Match next three char followed by the above three char

.* match till end of the line

I added three blanks between \1 and \3 and one blank after \3 to replace the respective char in input with blanks

Is this ok ?

awk ' { printf "%sxxx%sx\n", substr($0, 1, 2),  substr($0, 6, 3) }'  filename

ABxxx3DEx
GExxx6JKx

Thanks everyone.

my samples are simplified so what I actually have are lines 300 bytes long.

I need to print bytes 1-3, 203-240, and 260-289, with blank spaces between so the output remains in the same position. This presents a problem with sed because putting 200 spaces in the replace segment doesn't make sense. The suggestions above are fine for my samples which are 10-12 bytes long but not for 300 byte long lines where are only need to print a few bytes across the line.

Interesting issue I have here I never thought would be so tricky to figure out when I started :cool:

Thanks for all suggestions

If you have Python, an alternative
Sample input:
-------------------
111333 444TTTLKOP
122333 444DDDLKOP
422333 4445DDLTlR

#!/usr/bin/python
start1,end1 = 3,6 #position 4-6
start2,end2 = 14,17 #position 15-17
for lines in open("test.txt"):
        lines = list(lines.strip())
        lines[start1:end1] = " " * (end1 - start1) #sub space at positoin 4-5
        lines[start2:end2] = " " * (end2 - start2)
        print ''.join(lines)

output:

111     444TTT   P
122     444DDD   P
422     4445DD   R

try this,

though not efficient, some pointers to proceed with :slight_smile:

#! /bin/zsh

gen()
{
 appVar="x"
 cnt1=$1
 cnt2=$2
 var1=""
 var2=""

 while [ $cnt1 -gt 0 ]
 do
   cnt1=$(($cnt1 - 1))
   var1=$var1$appVar
 done

 while [ $cnt2 -gt 0 ]
 do
gen 3 1

awk '{ printf "%s %s\n", substr($0, 1, 2), substr($0, 6, 3) }' filename | while read line1 line2
do
echo $line1$var1$line2$var2
done

exit 0

   cnt2=$(($cnt2 - 1))
   var2=$var2$appVar
 done
}

Try...

awk '{for(i=1;i<=length;i++)
        printf ((i>=1&&i<=3||i>=203&&i<=240||i>=260&&i<=289)?substr($0,i,1):"x")
      printf ORS}' file1 > file2

Thanks everyone, this last post from Ygor looks like the easiest option. I've been playing with it this morning but getting a syntax error I can't get past.

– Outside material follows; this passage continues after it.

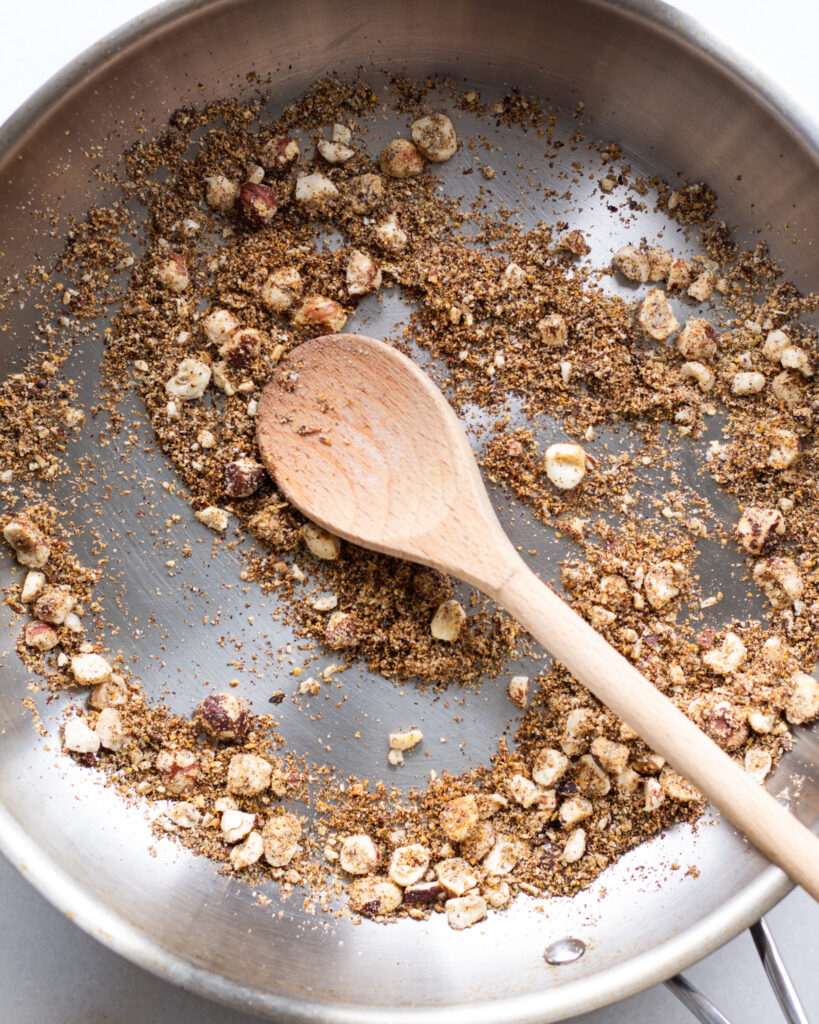 Don’t skimp the salt in this portion of the recipe! It needs it. Add the salt and then toast over medium heat until everything is nutty and delicious, about 4-5 minutes.

awk: syntax error near line 2
awk: illegal statement near line 2

Any ideas?

Thanks all! :slight_smile:

On Solaris, use nawk.

Nawk works better but still not 100%, the code is now:

nawk '{for(i=1;i<=length;i++)
printf((i>=1&&i<=3||i>=203&&i<=240||i>=260&&i<=289), substr($0,i,1))}' file_in > file_out

but my file in looks like
ABC SOLARIS 2200 MAIN STREET

My out file is getting 1's in place of the characters I want to print and 0's in place of the blank spaces I want:
1110000000000011111111100000111111111

I'm sure it's something simple but I'm not seeing it :cool:

Thanks for any input

You have altered the awk script. Why not try the code as posted?

You are correct, thanks Ygor! I was getting a syntax error as awk before so I altered it then changed it to nawk without replacing the changes i had made in awk. It does exactly what I need with a space in place of the "x".

Thanks very much!! :smiley: